26.12.2013 - 12:46 | Son Güncellenme:
Pamukkale Üniversitesi (PAÜ) Denizli Sağlık Yüksekokulu Öğretim Üyesi Yrd. Doç. Dr. Pınar Serçekuş, anne adaylarının doğum hakkındaki yanlış ve yetersiz bilgiler almasının hem korkuya hem de sezaryen doğuma yönelmelerine neden olduğunu söyledi.
Serçekuş, dünyada en fazla sezaryen doğumun gerçekleştiği üçüncü ülke olan Türkiye’de, kadınların sezaryenle doğum yapma tercihlerinin nedenleri ilenormal doğum sayısını artırmak için yapılması gerekenler hakkında düşüncelerini anlattı.
Türkiye’de her yüz doğumdan yüzde 46’sının sezaryenle gerçekleştiğini ve bunun Dünya Sağlık Örgütü’nün sezaryen doğum için normal değer olarak belirlediği yüzde 15’in çok üzerinde olduğunu belirten Serçekuş, sezaryen doğum oranının özel hastanelerde ise yüzde 66’ya çıktığına işaret etti.
Serçekuş, anne adayları tarafından sezaryen doğumun tercih edilmesindeki en temel nedenin ”doğum korkusu” olduğunu dile getirerek, şöyle konuştu: ”Anne adaylarının doğum hakkındaki yanlış ve yetersiz bilgiler alması, hem korkuya hem de sezaryen doğuma neden oluyor. Halbuki normal doğumun, hem anne hem de bebek sağlığı açısından çok daha faydalı olduğu görülmektedir.”
”Korkular doğum öncesi kursla yenilebilir”
Doğum korkusunun yenilmesinin anne adaylarının sezaryen tercihini ortadan kaldıracağını savunan Serçekuş, bu noktada 2000’li yıllardan itibaren özellikle büyükşehirlerde açılmaya başlanan doğum öncesi kurslarının önemli bir rol üstlendiğini ifade etti.

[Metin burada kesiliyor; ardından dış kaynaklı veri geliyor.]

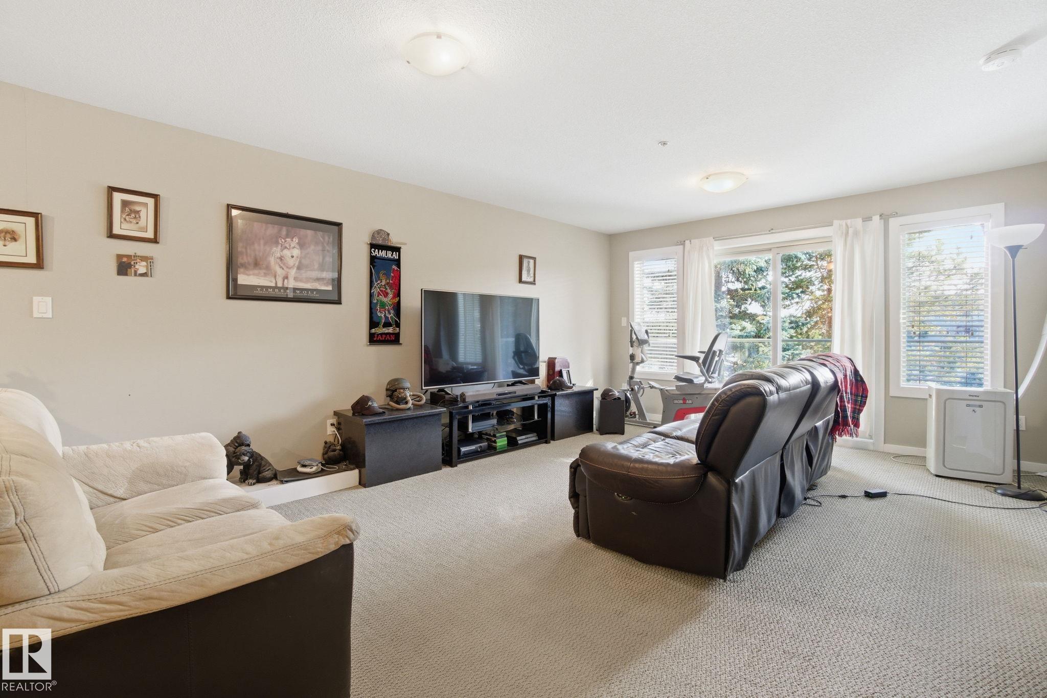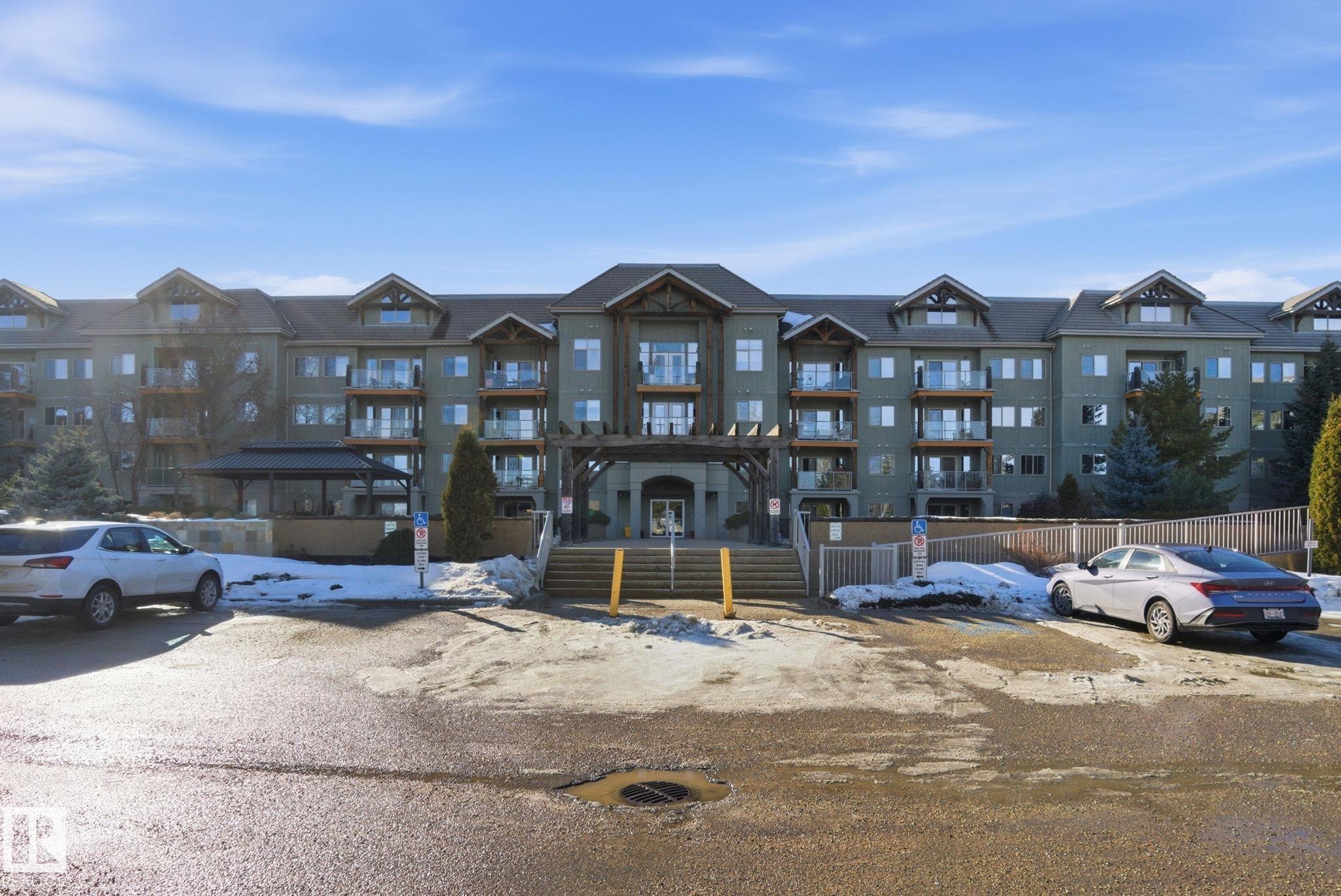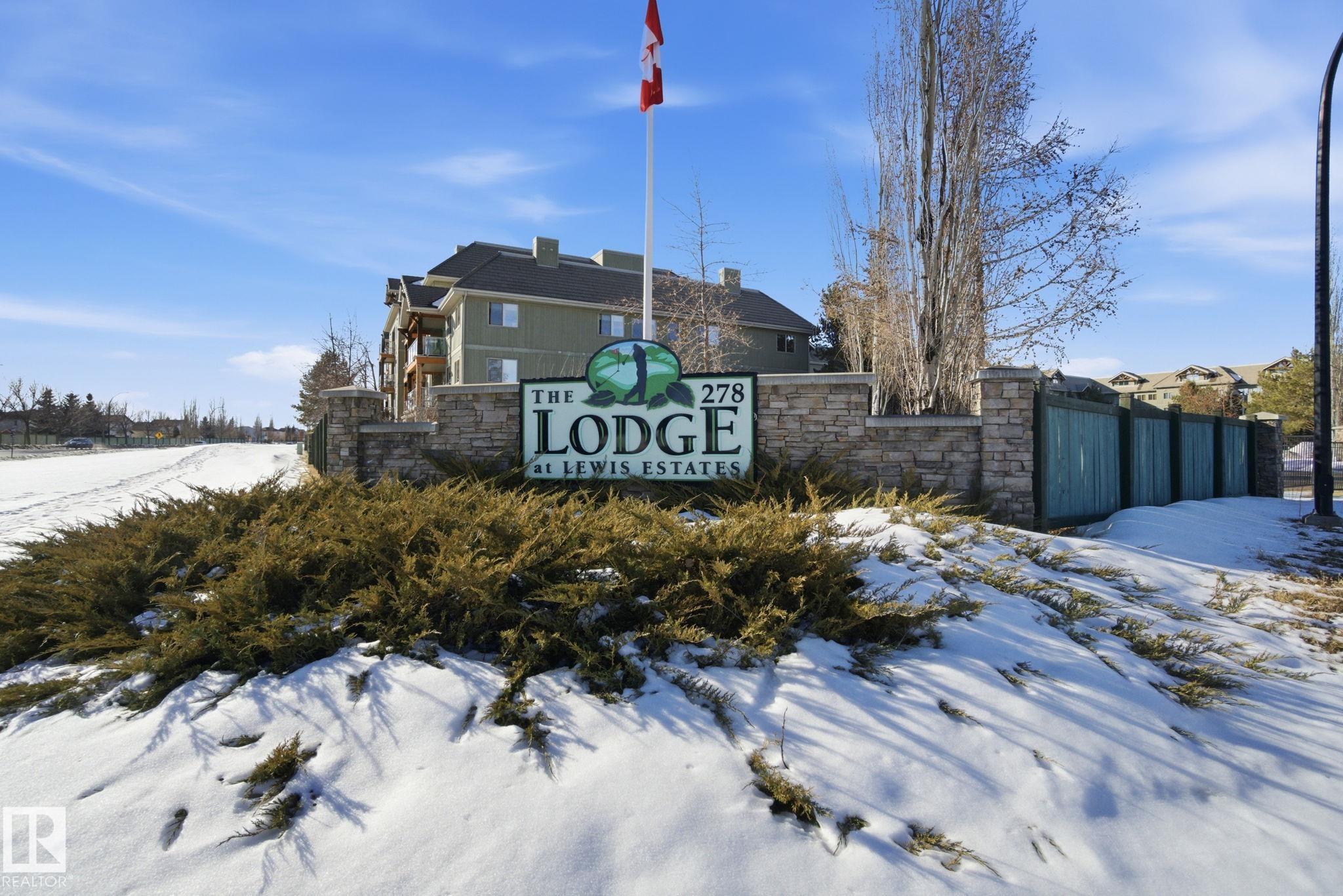 WELCOME TO THE LODGE AT LEWIS ESTATES where you will find this beautifully well kept 1 bedroom plus den and 1 bathroom 2nd floor condo. This open concept condo features caramel cabinets, breakfast bar, gleaming black appliances and more. The spacious bedroom features a large walk-in closet and a passthrough to the spacious 4 piece bath and in-suite laundry room. Other features include a TITLED UNDERGROUND PARKING spot with a storage locker and another large titled storage room on the 2nd floor. If you love to golf, walk on over and tee off at the Lewis Estates Golf Course. The Lodge at Lewis Estates is a 30+ Adult living building with many amenities including a SOCIAL ROOM with pool table/shuffle board, HOT TUB/ SAUNA ROOM, THEATRE ROOM, FITNESS ROOM and 2 underground CAR WASHES as well as a private ROOFTOP PATIO. If you are looking for affordable condo living that is close to many amenities including parks, trails, shopping and more then this place is for you! Don't miss out on this AMAZING opportunity!

Serçekuş, bu kursların ülke genelinde yaygınlaştırılması ve ihtiyaca cevap verecek şekilde sayısal olarak yeterli hale getirilmesini önererek, şöyle devam etti: ”Doğum öncesi kurslarla doğum hakkında doğru bilgiler edinmek, korkularının giderilmesi için faydalı olacaktır. Bu kursların en temel amacı, doğumun doğal bir olay olduğunu vurgulamak, anne adaylarının doğum korkusunu azaltmak, böylece keyifli bir doğum deneyimi yaşamalarını sağlamaktır. Aynı zamanda gebelikteki rahatsızlıklarla baş etmeyi kolaylaştırmak, solunum ve gevşeme egzersizleri ile doğumun kolay olmasını sağlamak, çiftleri anne-baba olmaya hazırlamak, emzirme, bebek bakımı gibi ebeveynlik becerilerini geliştirmek, eşler arasındaki iletişimi arttırmaktır.”
Bu anlayışla üniversitede anne ve baba adayları için ücretsiz olarak doğum öncesi kurslar düzenlediklerini belirten Serçekuş, ”Doğum öncesi kurslarla normal doğum oranlarını yükseltmeyi hedefliyoruz” dedi.